I know retaliation is hard to prove.

Can anything be called misconduct?

Can I stop them from revealing the reason I am no longer there, since this is not what they normally do?

Does New York have a statute of limitations for taking action against a former employer?

Thank You.

1 answer  |  asked Aug 23, 2001 3:31 PM [EST]  |  applies to New York

Answers (1)

David M. Lira
When your ex-employer says bad things about you

If you believe that your employer is saying something false about you when you list that employer on employment applications, there is really nothing you can do to stop the employer from doing that. However, you might be able to sue the employer for defamation.

Now, defamation is a curious animal. A statement is not necessarily defamation simply because it is negative. If it appears to be an opinion, rather than a fact, it isn't defamation, even if untrue. To be defamation, it has to look like a fact, and it has to be untrue.
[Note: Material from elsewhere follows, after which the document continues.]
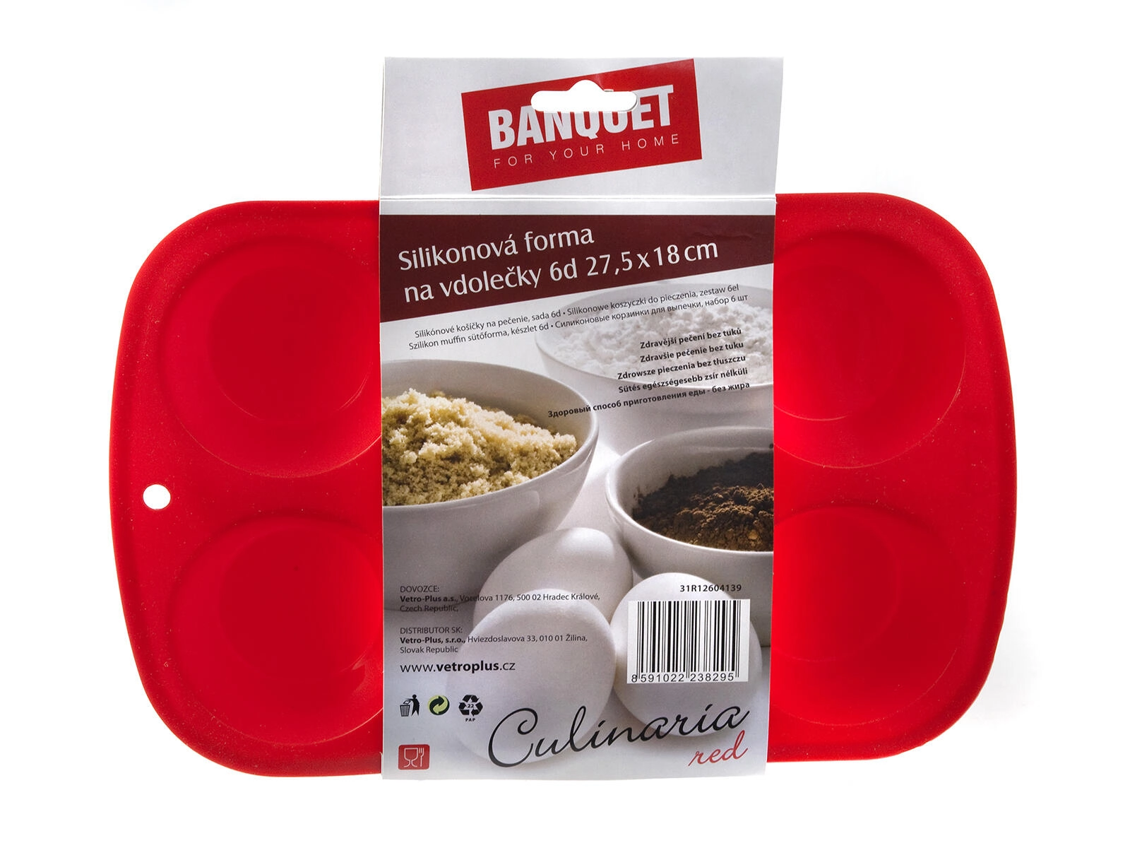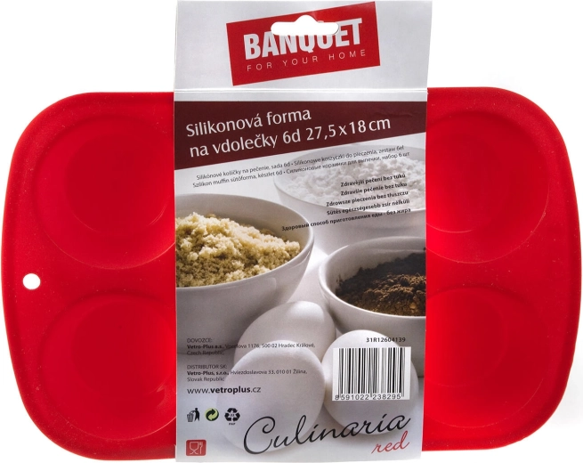 Den praktiske CULINARIA silikoneform til muffins til bagning af 6 stykker vil glæde enhver elsker af hjemmelavede desserter. Den tilbyder modstandsdygtighed op til 240 °C, er egnet til elektrisk og mikrobølgeovn, optager hverken smag eller lugt og kan vaskes i opvaskemaskinen. Takket være den fleksible silikone slipper muffinsene let, og formen er nem at vedligeholde.

Defamation cases are also rather tricky in New York State. First, you need to get the words. It is not enough for you to say that you think the employer is saying something negative about you. There are commercial services out there that will document for you what the employer says on a reference check. If you would rather not use a commercial service, you could get someone reliable and who would be available to testify for you to pose as someone checking references, to see what your former employer is saying about you.

The statute of limitation on a defamation claim is one year from the time the statement is made. Thus, each time the defamatory statement is made, a new one year period begins.